Love caused Chantelle and me to have a child even though we knew he would likely disappoint us through sin, and that same love would cause us to sacrifice anything to protect our child if possible. I believe in my heart of hearts that God is the same.
When God blessed me with a son, I felt as though I had been given a wonderful opportunity. While I’m sure some would call it naivety, I have never been afraid of the responsibility of being a father. Well, to be honest, I have had some fears along the way about the physical side of parenting (keeping such a tiny, frail human being alive!), but I have always looked forward with excitement towards the opportunity to help my son grow mentally and morally (Luke 2:52).

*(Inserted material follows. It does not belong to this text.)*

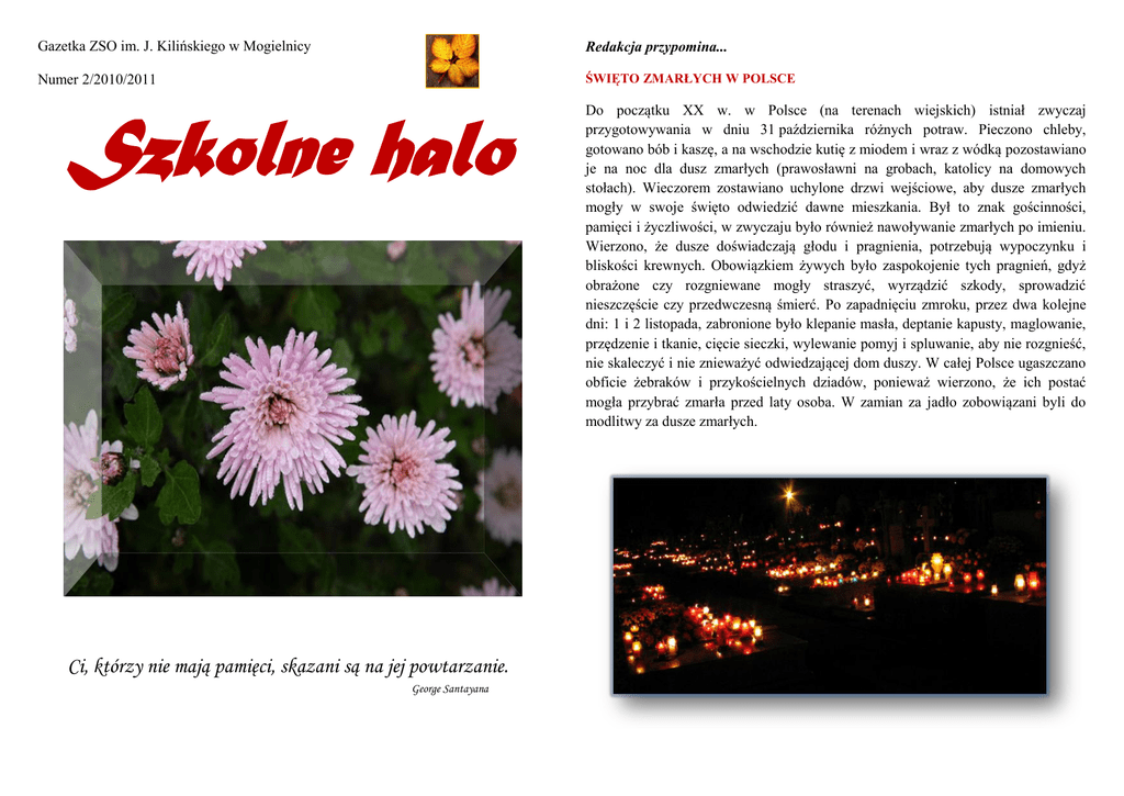 Gazetka ZSO im. J. Kilińskiego w Mogielnicy Redakcja przypomina... Numer 2/2010/2011 ŚWIĘTO ZMARŁYCH W POLSCE Szkolne halo Ci, którzy nie mają pamięci, skazani są na jej powtarzanie. George Santayana Do początku XX w. w Polsce (na terenach wiejskich) istniał zwyczaj przygotowywania w dniu 31 października różnych potraw. Pieczono chleby, gotowano bób i kaszę, a na wschodzie kutię z miodem i wraz z wódką pozostawiano je na noc dla dusz zmarłych (prawosławni na grobach, katolicy na domowych stołach). Wieczorem zostawiano uchylone drzwi wejściowe, aby dusze zmarłych mogły w swoje święto odwiedzić dawne mieszkania. Był to znak gościnności, pamięci i życzliwości, w zwyczaju było również nawoływanie zmarłych po imieniu. Wierzono, że dusze doświadczają głodu i pragnienia, potrzebują wypoczynku i bliskości krewnych. Obowiązkiem żywych było zaspokojenie tych pragnień, gdyż obrażone czy rozgniewane mogły straszyć, wyrządzić szkody, sprowadzić nieszczęście czy przedwczesną śmierć. Po zapadnięciu zmroku, przez dwa kolejne dni: 1 i 2 listopada, zabronione było klepanie masła, deptanie kapusty, maglowanie, przędzenie i tkanie, cięcie sieczki, wylewanie pomyj i spluwanie, aby nie rozgnieść, nie skaleczyć i nie znieważyć odwiedzającej dom duszy. W całej Polsce ugaszczano obficie żebraków i przykościelnych dziadów, ponieważ wierzono, że ich postać mogła przybrać zmarła przed laty osoba. W zamian za jadło zobowiązani byli do modlitwy za dusze zmarłych. Tradycja palenia zniczy W noc zaduszną, aż do świtu, na cmentarzach, rozstajach i w obejściach, rozniecano ogniska, których zadaniem było wskazywanie drogi błąkającym się duszom. Popularne było również palenie ognisk na mogiłach samobójców i ludzi zmarłych tragicznie, którzy zwykle byli grzebani za murem cmentarnym. Chrust na te ogniska składano w ciągu całego roku (ten, kto przechodził obok, kładł obok grobu gałązkę i w ten sposób tworzył się stos do spalenia w noc zaduszną). Wierzono, że ogień palony na grobach samobójców ma moc oczyszczającą umarłych, daje również ochronę żywym przed złymi mocami, które mogły być obecne w takich miejscach. Kiedy myślę Ojczyzna... 10 listopada 2010 r. w naszej szkole odbyła się akademia z okazji 92. rocznicy Odzyskania Niepodległości przez Polskę. Wystąpili w niej uczniowie klas trzecich gimnazjum oraz licealiści. Uroczystość rozpoczęła się wprowadzeniem sztandaru i odśpiewaniem hymnu narodowego. Celem akademii było przybliżenie uczniom wydarzeń historycznych związanych z odzyskaniem przez Polskę niepodległości. Na scenie widniał napis ,,Kiedy myślę Ojczyzna, szukam drogi biegnącej w każdym z nas…’’. W centrum umieszczone były: godło Polski, portret marszałka Józefa Piłsudskiego oraz trzy białe krzyże, a pod nimi kwiaty i znicze. red. Dla tych, którzy odeszli Dla tych którzy odeszli w nieznany świat, płomień na wietrze kołysze wiatr. Dla nich tyle kwiatów pod cmentarnym murem i niebo jesienne u góry Dla nich harcerskie warty i chorągiewek gromada, i dla nich ten dzień pierwszy dzień listopada. Danuta Gellnerowa Teksty i wiersze o charakterze historycznym przeplatane były patriotycznymi pieśniami śpiewanymi przez chór męski oraz solistów. Atmosfera spotkania była bardzo podniosła. Program przygotowali uczniowie pod kierunkiem nauczycielek: p. Anny Frasonskiej, p. Mirosławy Koperskiej, p. Marioli Kuźmy, p. Marii Lenart, p. Jolanty Ścisłowskiej oraz p. Anny Woźnicy. Obchody Rocznicy Odzyskania Niepodległości przez Polskę w naszej gminie Na zakończenie uroczystości pan dyrektor podziękował wszystkim nauczycielom i uczniom zaangażowanym w przygotowanie apelu oraz przypomniał o tym, jak ważnym świętem jest dzień 11 listopada. Akademię z okazji Rocznicy Odzyskania Niepodległości przez Polskę przygotowała młodzież i nauczyciele ze Szkoły Podstawowej w Brzostowcu. Zdaniem uczniów nasza szkolna akademia była niezwykle ciekawą lekcją historii. Oprac.: Aleksandra Kurcińska Klasa 3d Na uroczystości nie zabrakło przedstawicieli naszej szkoły – dyrekcji – p. D. Sańprucha, p. U. Tomali-Kujat, p. J. Tomczyk, pedagogów oraz delegacji wszystkich klas gimnazjum i liceum. Próbnych egzaminów czas Delegacje złożone z uczniów ZSO im. J. Kilińskiego w Mogielnicy uczciły pamięć bohaterów poległych w obronie Ojczyzny. red. W listopadzie nasi maturzyści zmagali się z próbnymi egzaminami z języka polskiego, matematyki, języka obcego i wybranego przedmiotu dodatkowego. Jak widać, wszyscy uczniowie klas trzecich liceum poważnie podeszli do sprawy red. Nasze podróże 18 listopada 28 października Klasy pierwsze LO zwiedziły cmentarz na Powązkach Klasy pierwsze c, d, e gimnazjum na wycieczce w Warszawie Wielu z nas pierwszy raz miało okazję odwiedzić to piękne zabytkowe miejsce. Szczególnie spodobała się nam wystawa przed Muzeum Wojska Polskiego Tu „zaszaleliśmy” Każdy z nas poczuł się przez chwilę „prawdziwym żołnierzem” Następnym „przystankiem” na trasie naszej podróży było Muzeum Narodowe. Chociaż placówka boryka się z pewnymi problemami, lekcje muzealne były naprawdę godne uwagi. „Łyknęliśmy” nieco kultury. Usłyszeliśmy wiele ciekawostek o mitach w sztuce, a także malarstwie doby Oświecenia i Romantyzmu. Na zakończenie wyruszyliśmy do Cinema City na Śluby panieńskie Fajnie było! Oprac. klasa 1c z wych. Nie przypuszczaliśmy nawet, że kryje ono w sobie tyle ciekawych historii o znanych i nieznanych Polakach. Podczas zwiedzania towarzyszył nam listopadowy – refleksyjny nastrój. Na jednej ze ścian Kościoła św. Boromeusza na Powązkach odnaleźliśmy tablicę poświęconą patronowi naszej szkoły Janowi Kilińskiemu Oprac. klasa I C z wych. Andrzejki, jędrzejówki, Andrzejówki Andrzejki obchodzimy w wigilię (czyli w przeddzień) dnia świętego A

Sure, parenting can be done wrong and no doubt I will make mistakes. However, the Bible describes children as arrows (Psalm 127:4). So, in keeping with the illustration, at least to some degree, children go where they’re shot, i.e. they can be guided. I’ve seen too much parenting gone right to believe successful parenting can’t be done. Therefore, my son represents a soul that I can guide to Christ and a soul through whom I can make this world a better place.
I thank God for the beautiful son he has given me and the opportunity he has given me to grow because of him. I hope all parents and parents to be will reflect on the wonderful blessing that is a child and will use that blessing to create a stronger faith, a stronger marriage, and a better world.